More than 30 percent of girls in the juvenile justice system have been sexually abused, according to a new study issued by the Human Rights Project for Girls, the Georgetown Law Center on Poverty and Inequality and the Ms. Foundation for Women. The study also found that LGBTQ girls and girls of color are disproportionately, and increasingly, represented in the juvenile justice system.
Girls are often funneled through a sexual-abuse-to-prison pipeline, the report says. They often end up in the system as a result of sexual victimization, such as when sex trafficking survivors are arrested on prostitution charges, and then are denied resources to identify and treat their trauma.
Girls are most often arrested for crimes such as running away, substance abuse and truancy—acts child abuse experts frequently name as signs of abuse. Moreover, women offenders tend to self-report their victimization “as a key factor leading to their offending,” the researchers found.
According to the report, which looked at both regional and national data, justice-involved girls:
- are dramatically more likely than justice-involved boys to have been sexually abused
- are most likely to be “fondled or molested” at age 5
- tend to be charged again after release if they have been sexually abused, while sexually abused boys do not
When these girls are arrested and charged instead of supported, the study contends, their abusers go unpunished and their trauma unrecognized. This leads to devastatingly dismal mental health outcomes in many girls, including depression and post-traumatic stress disorder (PTSD): In a 2004 study, the National Child Traumatic Stress Network (NCTSN) discovered that over 65 percent of justice-involved girls had experienced PTSD symptoms at some point in their lives.
In addition, juvenile justice facilities frequently lack the resources necessary to care for abused girls, both in terms of mental and physical health. Not only are half of justice-involved youth placed into facilities that do not provide mental health evaluations for all residents, but 88 percent live in facilities that lack professional licenses for their mental health counselors. Meanwhile, while sexually abused girls are significantly more likely to have been or be pregnant upon incarceration, the Department of Justice’s Office of Juvenile Justice and Delinquency Prevention (OJJDP) found that only 18 percent of juvenile justice facilities provide pregnancy testing at entry.

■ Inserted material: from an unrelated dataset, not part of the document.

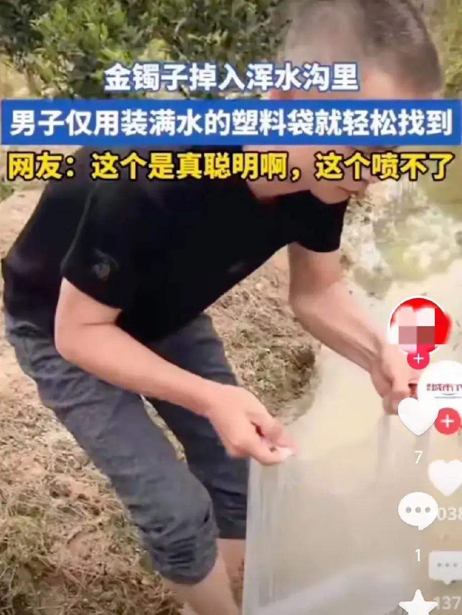 人怎么能聪明成这样?福建,男子不小心把金镯子掉进了水沟里,找了半天没找到,他又不想放弃,于是想出了一个小妙招,网友看后直呼聪明。 因为水沟水太混浊,所以他拿来一个装了水的塑料袋装满清水,放进水沟​神奇的是这个塑料袋就像一个探测仪,水沟底部看的清清楚楚。 蹲在水沟边的男子名叫陈大哥,这只金镯子是他和妻子结婚十周年的纪念物,当初花了三万多块钱不说,更重要的是承载着两人从恋爱到成家的回忆。那天他带着妻子去村里的菜园摘菜,镯子没戴牢,抬手摘黄瓜时“扑通”一声掉进了旁边的排水渠。水渠宽不到一米,可里面的水混着泥沙和落叶,浑浊得像掺了墨汁,伸手下去摸,除了冰凉的泥沙就是碎石子,连镯子的影子都碰不到。 陈大哥急得满头大汗,趴在渠边扒着石头找了半个多小时,手指都被碎石磨得发红,还是一无所获。路过的村民见状都劝他算了,“水渠里的水一直流动,镯子说不定早被冲到下游了,这么浑的水,就算在眼前也看不到”。可陈大哥不甘心,这镯子是妻子的心头好,平时舍不得摘,要是就这么丢了,妻子肯定会难过。他坐在渠边盯着浑浊的水面发呆,手里无意识地捏着一个刚装过菜的保鲜袋,突然想起小时候在池塘里玩水,把透明的瓶子装满水,透过瓶子能看清水下的小石子。 这个念头一闪,他立刻跑回家找了个厚实的保鲜袋,装满清水后扎紧袋口,小心翼翼地放进水渠里。刚开始角度没找对,看到的还是一片模糊,他慢慢调整塑料袋的位置,让袋面紧贴水面,顺着光线往下看——奇迹发生了!原本浑浊的渠底瞬间变得清晰起来,泥沙的颗粒、碎石的棱角都看得明明白白,在离他手边不到半米的地方,那只金灿灿的镯子正躺在两块石头中间,反射着微弱的光。 “找到了!真的找到了!”陈大哥激动得声音都发颤,赶紧伸手顺着塑料袋指示的位置摸下去,一把就攥住了冰凉的镯子。周围围观的村民都忍不住拍手叫好,有人拿出手机拍下这一幕,嘴里念叨着“这脑子也太灵光了,没想到这么简单的办法就能解决难题”。陈大哥擦干镯子上的泥水,看着失而复得的纪念物,心里的石头终于落了地,他笑着说:“当时就想着不能放弃,没想到歪打正着,这塑料袋还真成了‘寻宝神器’。” 这段视频传到网上后,很快就收获了百万点赞,网友们纷纷留言称赞陈大哥的智慧。有人说“生活里的小妙招都藏在急中生智里,换我可能早就放弃了”,也有人分享自己的类似经历:“上次钥匙掉下水道,我用矿泉水瓶装满水照着找,还真找到了”。还有科普博主解释,这个方法的原理其实很简单:浑浊的水沟里,泥沙和杂质会让光线散射,导致看不清水下物体;而装满清水的塑料袋相当于一个“透明窗口”,减少了光线的散射,同时水的折射率和空气不同,能让水下的物体成像更清晰,和简易潜望镜的原理有异曲同工之妙。 其实生活中很多看似棘手的问题,都藏着简单的解决办法,关键在于能不能沉下心来思考,不轻易放弃。陈大哥的经历之所以让人觉得温暖又佩服,不仅因为他用聪明才智找回了金镯子,更因为他对妻子的在意、对感情的珍视,让这个小妙招多了一份人情味。现在很多人遇到困难第一反应是焦虑、放弃,却忘了生活里的智慧往往来自于细心观察和灵活变通,就像这个装满清水的塑料袋,看似普通,却在关键时刻发挥了大作用。 更难得的是,陈大哥的小妙招还启发了不少网友,有人把这个方法用到了找掉在鱼缸里的小饰品、下水道里的小物件上,都取得了不错的效果。这也告诉我们,生活中的智慧从来不是凭空而来,而是源于对生活的热爱和对细节的关注,只要肯动脑筋,平凡的物品也能发挥不平凡的作用。 各位读者你们怎么看?欢迎在评论区讨论。

The report makes several practical and legislative recommendations for dismantling the sexual-abuse-to-prison pipeline, including reevaluating the potentially traumatic effects of routine procedures such as strip-searching; continuing treatment for trauma after leaving the system; and providing gender-specific physical and mental health care, such as comprehensive reproductive care.
The child welfare system also needs significant change, the study finds, because girls who have encountered it are much more likely to end up in the juvenile justice system. Known as “the crossover path,” this trend disproportionally affects girls of color.
Yet the links between sexual abuse, race and gender in the juvenile justice system remain largely unexplored due to a lack of national and intersectional research.
“And when we lack the most basic information about girls’ unique needs and what is happening in their lives, especially against the backdrop of high rates of sexual violence,” the study’s conclusion declares, “the battle to develop effective strategies for their health is an uphill one.”